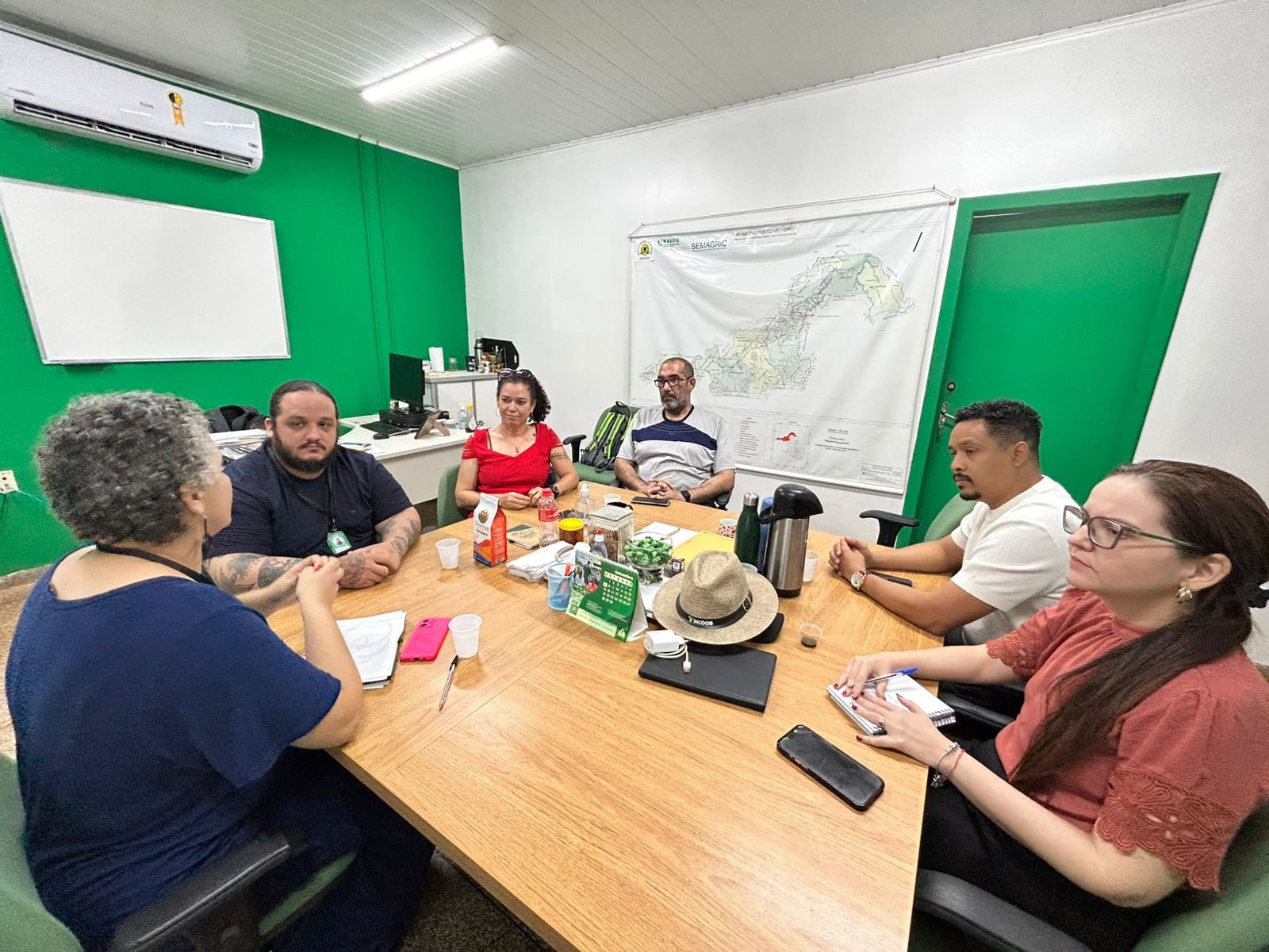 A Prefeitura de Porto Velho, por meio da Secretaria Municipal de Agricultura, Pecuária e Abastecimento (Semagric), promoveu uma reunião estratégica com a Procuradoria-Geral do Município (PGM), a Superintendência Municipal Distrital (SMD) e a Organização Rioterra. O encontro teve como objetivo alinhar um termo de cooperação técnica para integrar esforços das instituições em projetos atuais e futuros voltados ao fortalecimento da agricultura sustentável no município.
...
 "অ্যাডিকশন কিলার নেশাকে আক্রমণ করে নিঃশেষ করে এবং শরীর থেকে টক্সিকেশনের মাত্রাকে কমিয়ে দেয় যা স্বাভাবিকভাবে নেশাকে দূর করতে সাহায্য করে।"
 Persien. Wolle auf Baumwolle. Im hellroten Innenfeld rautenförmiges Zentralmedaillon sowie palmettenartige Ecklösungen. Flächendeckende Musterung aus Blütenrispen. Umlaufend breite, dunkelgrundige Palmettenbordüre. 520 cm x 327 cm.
...
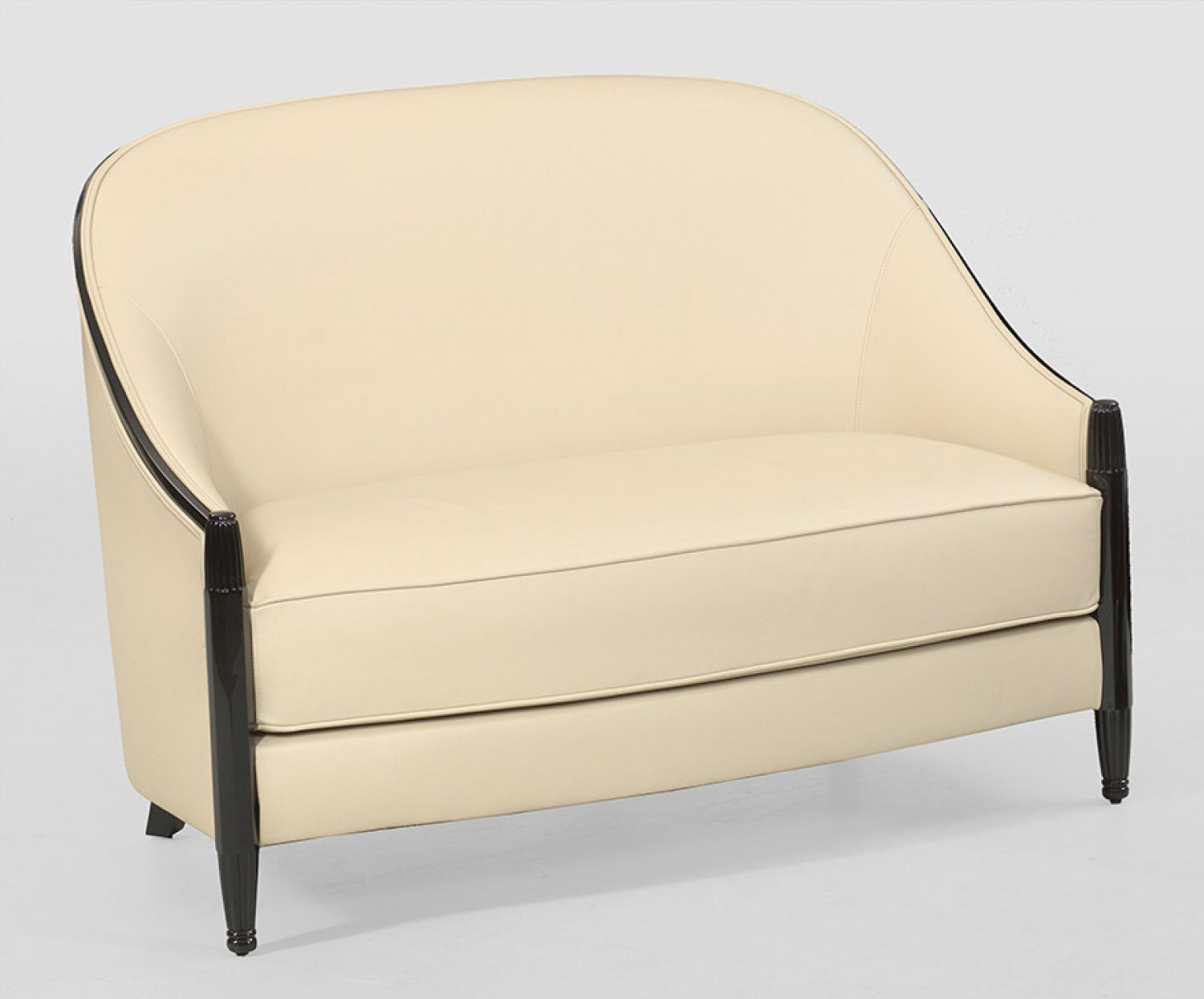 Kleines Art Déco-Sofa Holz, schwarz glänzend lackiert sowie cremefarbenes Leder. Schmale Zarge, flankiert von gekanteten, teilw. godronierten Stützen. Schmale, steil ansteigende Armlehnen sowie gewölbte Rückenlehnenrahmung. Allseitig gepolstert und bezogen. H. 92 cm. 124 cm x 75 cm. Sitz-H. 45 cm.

Task description → Taking the entries above, restate exactly those lines that fall between the line with "কিলার নেশাকে আক্রমণ" and the line with "Persien. Wolle auf", keeping both of those lines too.

Solution for this task →
 "অ্যাডিকশন কিলার নেশাকে আক্রমণ করে নিঃশেষ করে এবং শরীর থেকে টক্সিকেশনের মাত্রাকে কমিয়ে দেয় যা স্বাভাবিকভাবে নেশাকে দূর করতে সাহায্য করে।"
 Persien. Wolle auf Baumwolle. Im hellroten Innenfeld rautenförmiges Zentralmedaillon sowie palmettenartige Ecklösungen. Flächendeckende Musterung aus Blütenrispen. Umlaufend breite, dunkelgrundige Palmettenbordüre. 520 cm x 327 cm.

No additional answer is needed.